-- Opening Marker --

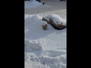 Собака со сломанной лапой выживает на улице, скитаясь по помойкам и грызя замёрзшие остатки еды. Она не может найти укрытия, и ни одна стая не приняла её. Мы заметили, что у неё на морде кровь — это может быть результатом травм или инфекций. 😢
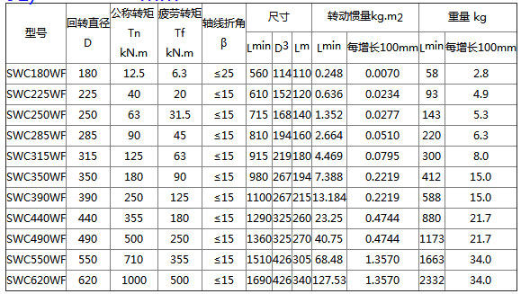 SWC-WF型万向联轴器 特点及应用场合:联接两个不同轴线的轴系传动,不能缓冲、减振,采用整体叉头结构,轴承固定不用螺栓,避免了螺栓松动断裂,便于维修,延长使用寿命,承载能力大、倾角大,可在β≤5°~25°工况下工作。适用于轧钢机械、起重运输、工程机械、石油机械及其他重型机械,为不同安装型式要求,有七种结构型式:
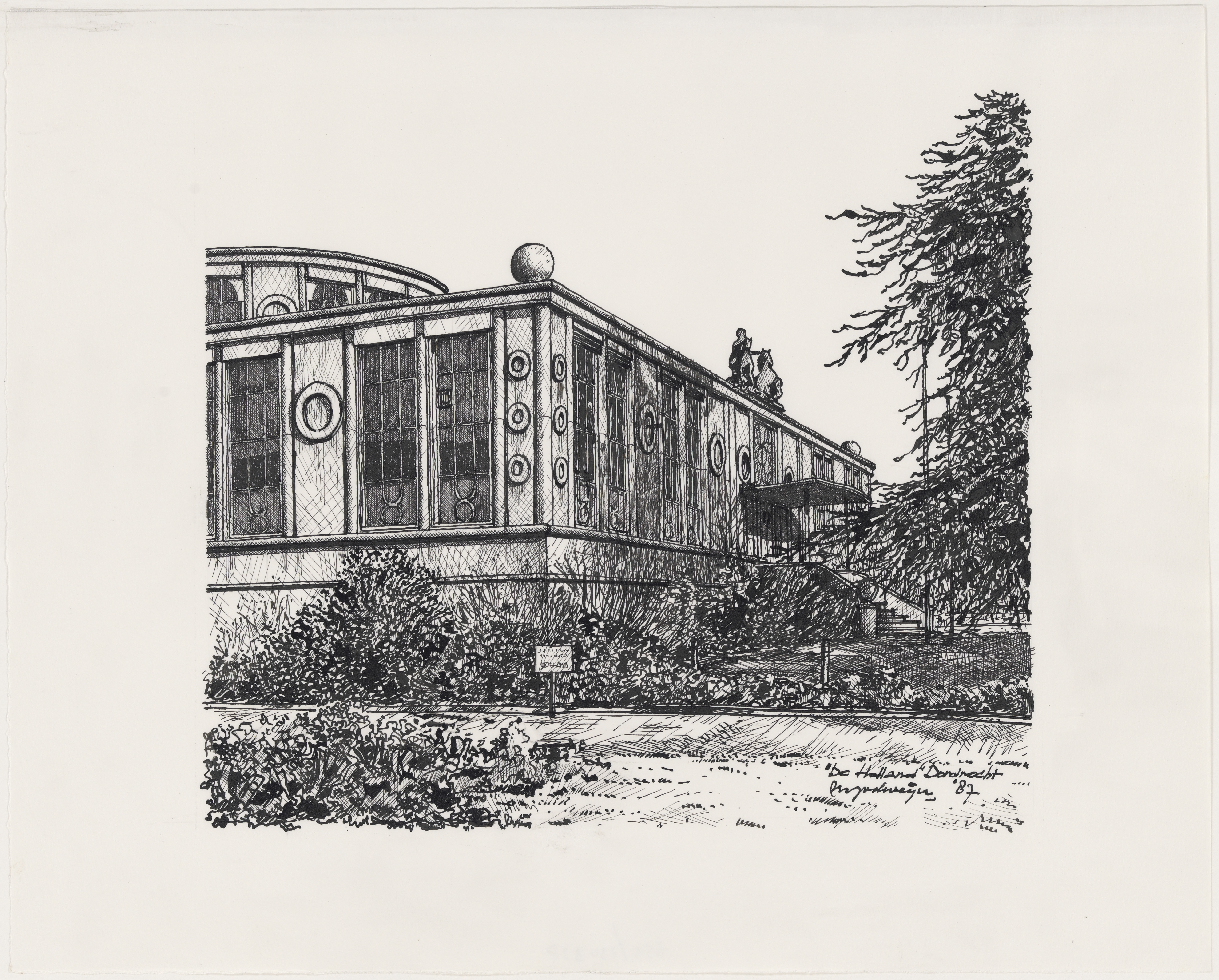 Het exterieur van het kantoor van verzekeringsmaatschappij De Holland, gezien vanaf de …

-- Closing Marker --

**Work instruction**
Retype all of the material above precisely as it reads. Pictures are not part of the copy.

**Exercise answer**
 Собака со сломанной лапой выживает на улице, скитаясь по помойкам и грызя замёрзшие остатки еды. Она не может найти укрытия, и ни одна стая не приняла её. Мы заметили, что у неё на морде кровь — это может быть результатом травм или инфекций. 😢
 SWC-WF型万向联轴器 特点及应用场合:联接两个不同轴线的轴系传动,不能缓冲、减振,采用整体叉头结构,轴承固定不用螺栓,避免了螺栓松动断裂,便于维修,延长使用寿命,承载能力大、倾角大,可在β≤5°~25°工况下工作。适用于轧钢机械、起重运输、工程机械、石油机械及其他重型机械,为不同安装型式要求,有七种结构型式:
 Het exterieur van het kantoor van verzekeringsmaatschappij De Holland, gezien vanaf de …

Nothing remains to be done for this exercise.